寅一との最初の出会いは去年の春。家の改造を始めたころだ。
みんなで納屋で昼食を食べていたとき、ひょっこりと表れた。
食べていた弁当のおかずを投げてやったら、近づいて来て、おいしそうに食べる。
「ニャー」といういわゆる猫なで声をあげてまたねだる。
「なんだか人なつっこい野良猫だな」
そして次の日もまたお昼時にやって来て、エサをねだる。
次の日も、次の日も、毎日来るようになった。
「考えてみたら、野良猫がこんなに人に近づいてエサをねだるものかな。もしかして近所の飼い猫か?」
「いや飼い猫ならもっと近寄ってくるはずだよ。一定の距離以上は近づかないから飼い猫じゃないよ」
なんて、みんなで議論沸騰。
そのうちにお昼時じゃなくても顔を出すようになり、みんなが作業している場所の近くにじっと座って眺めて過ごすようになり、すっかり現場のマスコットになってしまった。
家が完成したので、寅一にも家を作ってあげたら、ちゃんとその中で過ごすようになった。

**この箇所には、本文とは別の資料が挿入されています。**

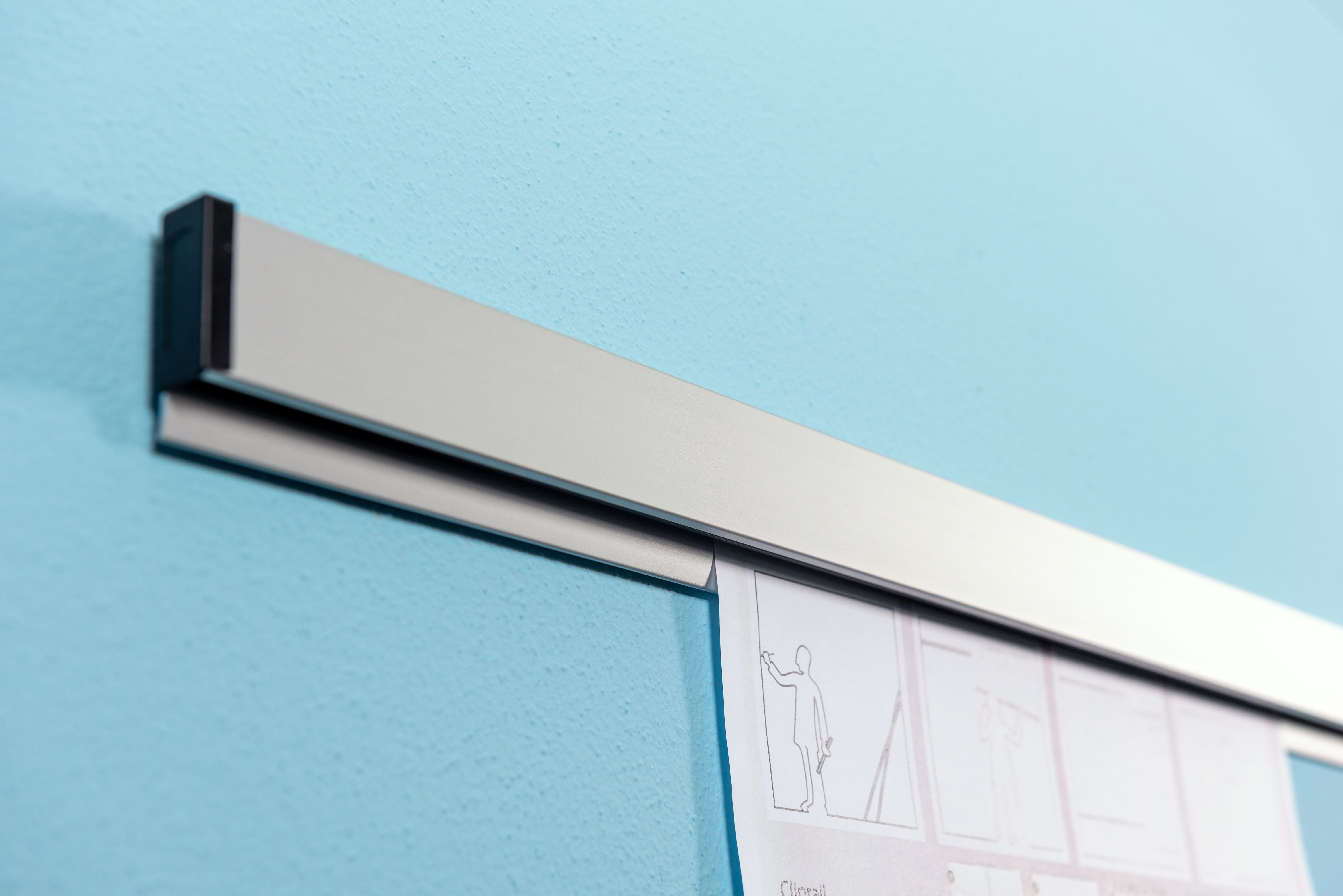 Wandrailsysteem waarin tekeningen, posters, etc., zonder beschadiging en snel opgehangen kunnen worden. Verkrijgbaar in lichtgrijs aluminium in 100 cm en 200 cm. Voorgeboord geleverd inclusief ophangmateriaal.

でも夜になるとどこかへ消えてしまう。いったいどこで寝てるんだろう。

かわいそうだったのは暮れに実家へ帰ったときだ。
留守の間はエサをあげることができなくなる。
その間寅一はどうして過ごすのだろう!
しかし、捕まえていっしょに連れて行くわけにもいかず、
心配だったが仕方がなかった。
実家から帰ってきたが、寅一の姿は無い。
待てども待てども、寅一は帰ってこない。
年末は相当な冷え込みだったらしい。
朝晩は-30度近くまで下がったとか。
もしかして死んじゃったのか!
2週間ほど経ったある日、買物から帰ってきたら、
そこに寅一がいた。

エサをあげたらおいしそうに食べてとても元気そう。
また会えてほんとうに良かった。
冬場は使わない植木台の上に分厚いクッションを
おいてあげたら、日中はずっとそこに寝そべって
ひなたぼっこをするのが日課になりました。